Not eating and thinning out, I hate to say it, but its time to see the vet. As nice as it was for the store to give you an Exo-terra, I don't think it will make a bit of difference. There is something medically wrong. Maybe they have an infection or a parasite bloom. Maybe the temperature or the humidity is off target. I don't think tank size has anything to do with it.

----------


## BigBruiserAl

> Not eating and thinning out, I hate to say it, but its time to see the vet. As nice as it was for the store to give you an Exo-terra, I don't think it will make a bit of difference. There is something medically wrong. Maybe they have an infection or a parasite bloom. Maybe the temperature or the humidity is off target. I don't think tank size has anything to do with it.

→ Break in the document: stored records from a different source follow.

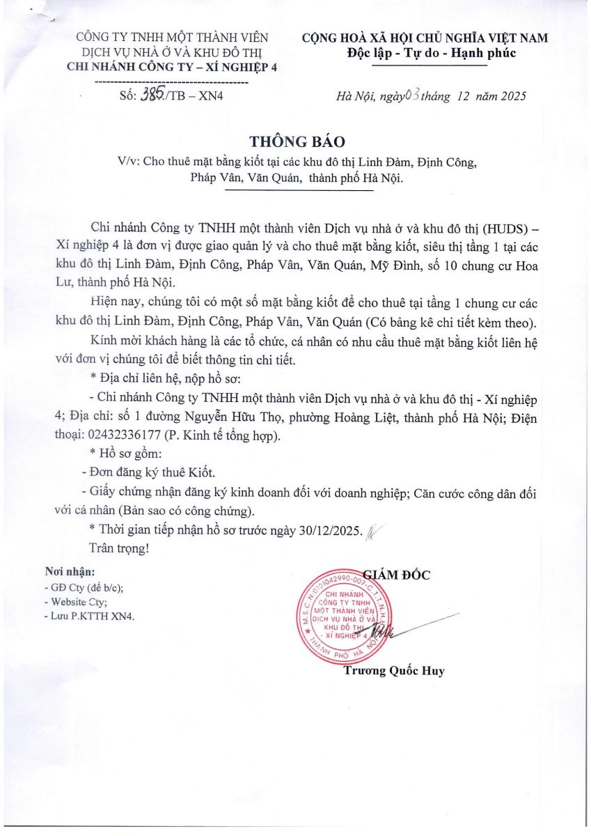 • Thông báo cho thuê mặt bằng kiốt tại Khu đô thị Pháp Vân - Tứ Hiệp
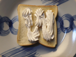 トーストした食パンに、ホイップクリームをたっぷり絞ってください。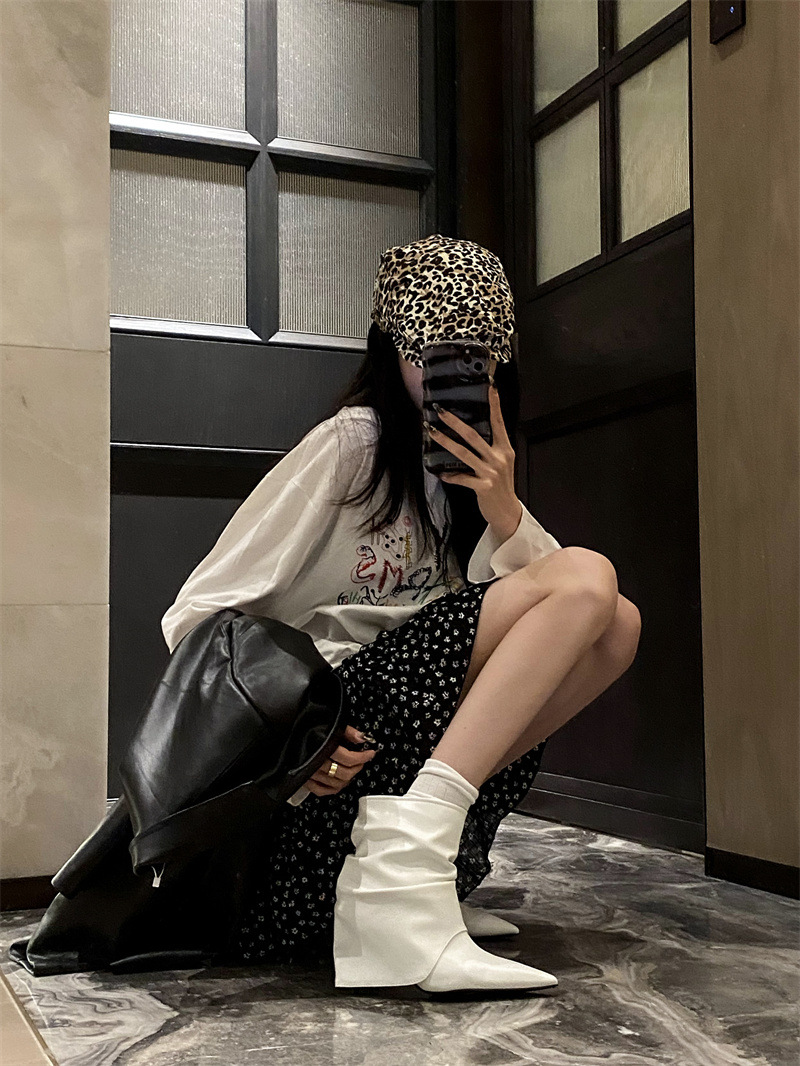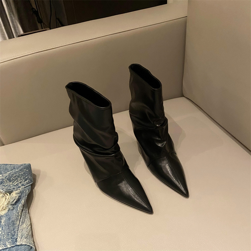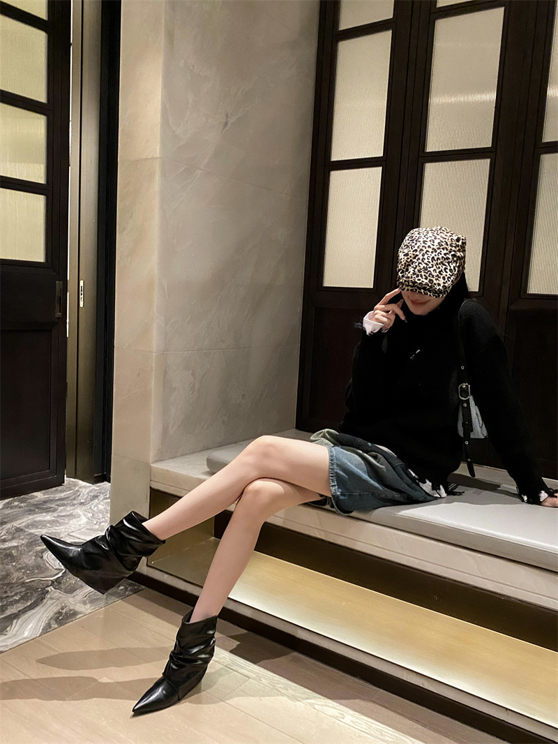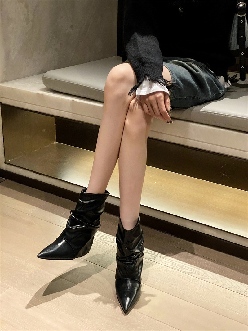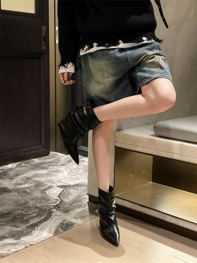 스파이스 걸스 실버 하이힐 부츠 2024 가을/겨울 새 기질 포인팅 부츠 작은 바지 짧은 부츠 여성스토어 가기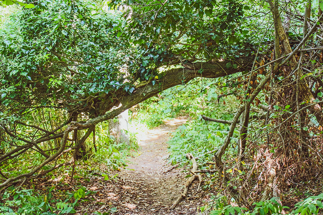 Die Schmachterseestraße führt, als Verlängerung der Hauptstraße, direkt bis an den Schmachter See. Ostseebad Binz.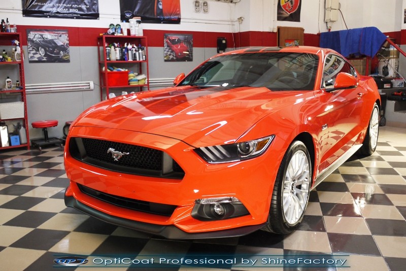 Witamy! Ponownie mieliśmy okazję zabezpieczyć pakietem powłok ceramicznych nowego Mustanga GT, tym razem w wyjątkowym pomarańczowym kolorze. Właściciel świadomy delikatności ówczesnych lakierów powierzył nam swoje nowe auto w celu ocho0rny całego nadwozia pakietem jak najmocniejszych powłok ceramicznych przed warunkami drogowymi, wżerami czy uszkodzeniem w trakcie mycia codziennego. Nasz szeroki pakiet NewShine rozpoczęliśmy od zdjęcia z auta kół w celu detailingu nadkoli, felg oraz zacisków hamulcowych. Następnie wieloetapowo oczyściliśmy całe nadwozie z wszelkich naleciałości. Po inspekcji usunęliśmy już powstałe uszkodzenia jak wżery w delikatnym lakierze od rozkładających owadów czy mikrorysy powodujące powolne matowienie pięknego lakieru. Po doprowadzeniu do ideału oraz odtłuszczeniu, całe auto (lakier, szyby, felgi itp) pokryliśmy pakietem powłok ceramicznych w innowacyjny natryskowy sposób umożliwiając uzyskanie jak najgrubszej warstwy ceramiki OptiCoat Professional + GlossCoat opartym na SiC. Dzięki temu otrzymaliśmy perfekcyjny efekt wizualny, połysk, głębie lakieru a przede wszystkim ochronę i zminimalizowane brudzenie. Nie pominęliśmy komory silnika V8 czy też wnętrza które zostało zaimpregnowane kosmetykami najwyższej ligi wraz z delikatnymi skórami. Zapraszamy do fotorelacji.

Thanks Kurt i have been talking to pretty much every one i can who owns these frogs and i ticked all the box's with temp, humidity tank furniture etc.
Whats confusing is they love a splash in their water bowl and seem friendly and active they just dont eat. Finding a vet in the UK that will see a frog is going to be a tall order  :Frown:

----------


## Kurt

One of our members is a vet in the UK.

----------


## The Frog Keeper

I have 3 of these frogs and my males rarely eat, maybe 1 small/medium locust a week, the female however is very greedy and eats what she can get including the boys left overs! Have you tried putting them in seperate simple quarantine style tanks? (paper towel floor, aquarium backing on the outside, 1 fake branch, 1 fake leaf and a small water dish? Try them in that and put 1 or 2 crickets in and see if they go for them.

----------


## BigBruiserAl

Thanks androo but i think we have progress.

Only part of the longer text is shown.